*Problem to work on:* The material below should be copied line for line, please, with pictures omitted.

*Dataset section:*
++++++++++

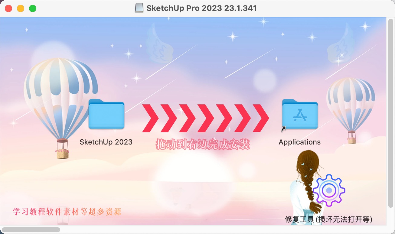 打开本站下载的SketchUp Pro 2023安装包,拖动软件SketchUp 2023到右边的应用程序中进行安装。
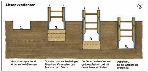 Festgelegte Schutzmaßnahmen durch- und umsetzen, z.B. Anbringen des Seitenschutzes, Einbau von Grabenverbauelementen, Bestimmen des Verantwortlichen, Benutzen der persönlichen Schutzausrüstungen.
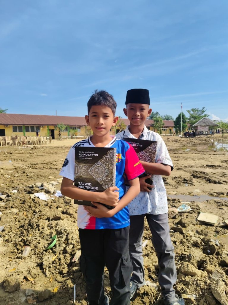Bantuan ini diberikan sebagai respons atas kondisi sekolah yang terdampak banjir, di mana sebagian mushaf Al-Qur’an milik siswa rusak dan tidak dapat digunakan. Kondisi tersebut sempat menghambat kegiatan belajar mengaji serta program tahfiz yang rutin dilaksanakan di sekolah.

++++++++++

*Response to the exercise:*
 打开本站下载的SketchUp Pro 2023安装包,拖动软件SketchUp 2023到右边的应用程序中进行安装。
 Festgelegte Schutzmaßnahmen durch- und umsetzen, z.B. Anbringen des Seitenschutzes, Einbau von Grabenverbauelementen, Bestimmen des Verantwortlichen, Benutzen der persönlichen Schutzausrüstungen.
Bantuan ini diberikan sebagai respons atas kondisi sekolah yang terdampak banjir, di mana sebagian mushaf Al-Qur’an milik siswa rusak dan tidak dapat digunakan. Kondisi tersebut sempat menghambat kegiatan belajar mengaji serta program tahfiz yang rutin dilaksanakan di sekolah.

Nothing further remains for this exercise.